Thanks, Adam the Woo (David Adam Williams)
Adam the Woo didn’t know me. But I knew he existed, and that is what matters the most now that he has died. But knowing he existed sucks even more now, because that man is causing me so much pain in my heart now that he is gone.
I wasn’t into YouTube until 2021. My brother John would spend his time watching YouTube in his leisure time and it was very foreign to me.
“Why do you watch YouTube all the time?” I asked.
“I can learn about everything I want,” he said.
In 2021 I was looking for Halloween inspiration and how to make my own haunts. Needless to say, I went down the YouTube rabbit hole. I was so enthralled by it, I got a premium subscription and I never looked back. Now it’s all I watch.
I started out with the Grimm Life Collective and binge-watched hours and hours of Mike Kolence and Jessica on all their haunted and real crime scene exploits.

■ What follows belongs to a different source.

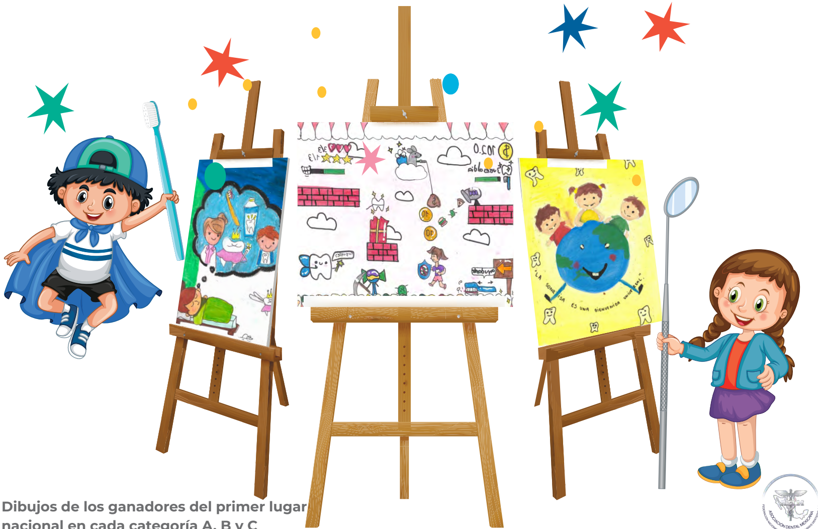
Dibujos de los ganadores del primer lugar nacional en cada categoría A, B y C

This led me into other people who celebrated Halloween with Halloween cons and haunted houses throughout the United States, and then ultimately I found Adam the Woo.
Adam drew me in with his calm demeanor—his soothing monotone voice, his love for Disney, the same movies (Pee Wee Herman, Back to the Future), tastes, movie locations, and his documentation of Florida and travel. He once did all four Walt Disney World parks (Magic Kingdom, Epcot, Animal Kingdom, Disney Studios), flew to California, did Disneyland parks, rode rides—all in one day.
His vlog led me to other vloggers through the YouTube algorithm, which I like to call the ecosystem, and I found other vloggers who did similar things. What was great to see is that guys like Justin Scarred, Tampa Jay (Cris the Girl), Jacob the Carpetbagger, Scott on Tape, Daze the Lion, The GIV (German in Venice), Videobob Mosley, Sean Clark, History Hunters… and believe me, there are so many more. But there was something about Adam.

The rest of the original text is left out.